My Samsung Galax S8+ Unlocked was functionally bricked when 3g service ended in the US because unlike the carrier branded versions, Samsung never updated the software to enable their $650 (or whatever it was) 4g LTE flagship phone to have VoLTE like the virtually identical carrier branded phones.
So watch out if your area is just now sunsetting 3g, your “4g LTE” Samsung might not actually be a 4g LTE phone.
I have 2 Samsung phones, both S8’s [not plus] one is a telstra branded rom – it has volte, the other has lineageos 16 it has volte too, but the bonus is it has far more efficient radiomodem drivers, so same hardware, same tower, same sim and its service, but 15-20% Better usable bandwidth especially in marginal reception nooks and crannies. Well worth the time it takes to switch.
Did Samsung fix their glaring vulnerability? Or is enabling VoLTE still an invitation to be hacked within hours?
I have encountered a bigger problem. I bought a new cellphone from Amazon which does support 4G VoLTE but when I put in my SIM card, the data was 4G but every voice call dropped down to 3G. I contacted my telcom provider and they said:
– yes we support 4G VoLTE
– yes your account is setup to use it
– yes we see your cellphone trying to make a 4G VoLTE call and it switching down to 3G
So what is the problem?
They have a limited list of recognized phone manufacturers and models which they have verified and will allow 4G VoLTE calling. Since my cellphone is not on their approved list, it will not allow 4G VoLTE.
I travel alot to other countries and buy a local SIM card and 4G VoLTE immediately appears on my cellphone.
So the problem is NOT my cellphone, it is the telcom company I use.
Why do they do this? The official answer is they need to verify the 4G VoLTE on a cellphone works properly.
The unofficial reason is they are not happy because I did not buy a cellphone from them so they penalize me.

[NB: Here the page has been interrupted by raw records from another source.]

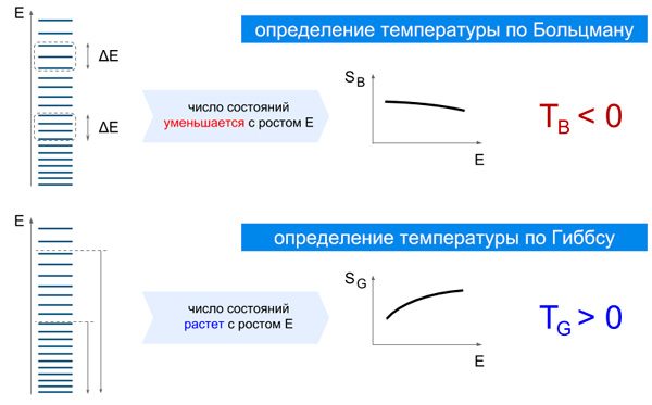 Два определения энтропии — по Больцману и по Гиббсу — могут давать сильно разные результаты для соответствующих температур. Рассмотрим систему, у которой плотность энергетических уровней уменьшается с ростом энергии. Энтропия по Больцману (SB) — это логарифм от количества уровней внутри небольшого интервала ΔE. Энтропия по Гиббсу (SG) — это логарифм от полного числа уровней ниже данной энергии. Для изображенной системы SB уменьшается с ростом энергии, а SG — растет. Поэтому температура по Больцману получается отрицательной, а по Гиббсу — положительной.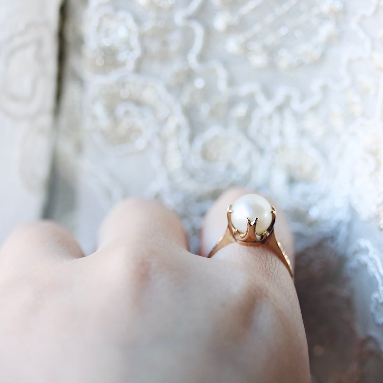 一粒のあこや真珠があしらわれたシンプルなヴィンテージリング。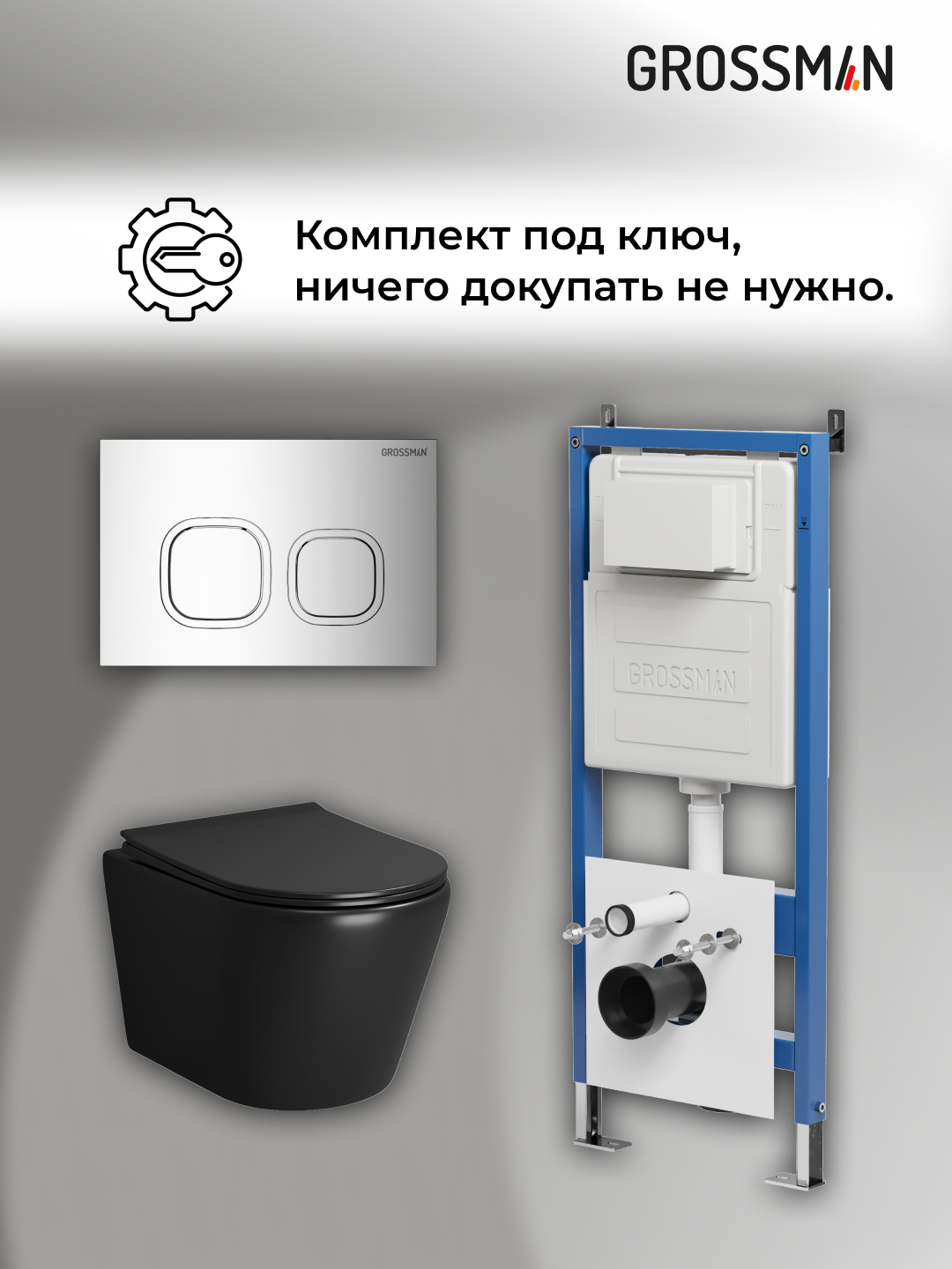 —Инсталляция + кнопка смыва + унитаз Grossman Cosmo 97.4478BMS.02.100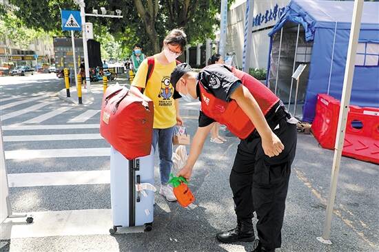 羊城晚报讯 记者沈婷婷摄影报道:6月10日至11日,哈工大(深圳)2000余名学生陆续重返校园,这是继5月11日、5月25日后,本学期迎来的又一批返校学子。 为了确保同学们顺利返校,学校做好了充分准备,在返校“第一关”——校门口,行李消毒、身份核验、体温检测等岗位的工作人员早早地就位,做好进入校门“三部曲”准备工作。 分批进入实验室、食堂“高考式用餐”……返校后的各项生活与学习都被安排得明明白白。为了保证食堂用餐秩序,学校行政部(处)、直属单位教职工全体“总动员”,从6月11日起,将在早餐、午餐、晚餐时间协助把好食堂“入口关”,全方位确保学生用餐秩序与安全。此外,同学们回校后,大部分课程依然采用“云端授课”形式进行。 在家里待了近5个月的同学们,回到学校能否适应?在返校现场,同学们用激动的小眼神告诉大家:没问题。 建筑学院2018级本科生王颖琳家在广州,10日就与爸爸妈妈一同抵达深圳。王妈妈表示,疫情期间,学校老师定期与家长通电话了解学生生活学习情况,返校前又确认了行程和到校时间,对学校的各项防控措施很放心。“我们全家人都很关注哈工大百年校庆,看到学校装扮得焕然一新,孩子说很想早点回来打个卡。”

Lies lies and more lies.
p.s. This is what happens when companies are run by money hungry short-sighted MBA idiots instead of engineers. All these companies with all their stupid business rules are the creation of these MBA bosses.
I had the same problem. My old phone had the ability to support VoLTE, but ATT decided it shouldn’t be allowed to use this feature on their network, and I had to buy a new phone. What’s even worse, ATT isn’t even my carrier, Cricket just uses their network.
This also made the process of buying a new phone EXTREMELY frustrating because I wanted a device that could have the bootloader unlocked (or rootable at an absolute MINIMUM), so nothing directly from my carrier was acceptable. I eventually had to take a gamble on a phone that would *hopefully* work, and got lucky.
You do know that AT&T purchased Cricket in 2014 when they acquired Leap Wireless the parent company right?
Interested to know if they also do this for other people roaming onto their network (e.g. from abroad)
You could test it with one of your foreign SIMs.
I had Verizon do something like that to me. I threw away the cell phone for 6 years. When I finally got another phone I went with Consumer Cellular. Don’t make me throw my phone away again. I don’t know if I would ever get another cell phone.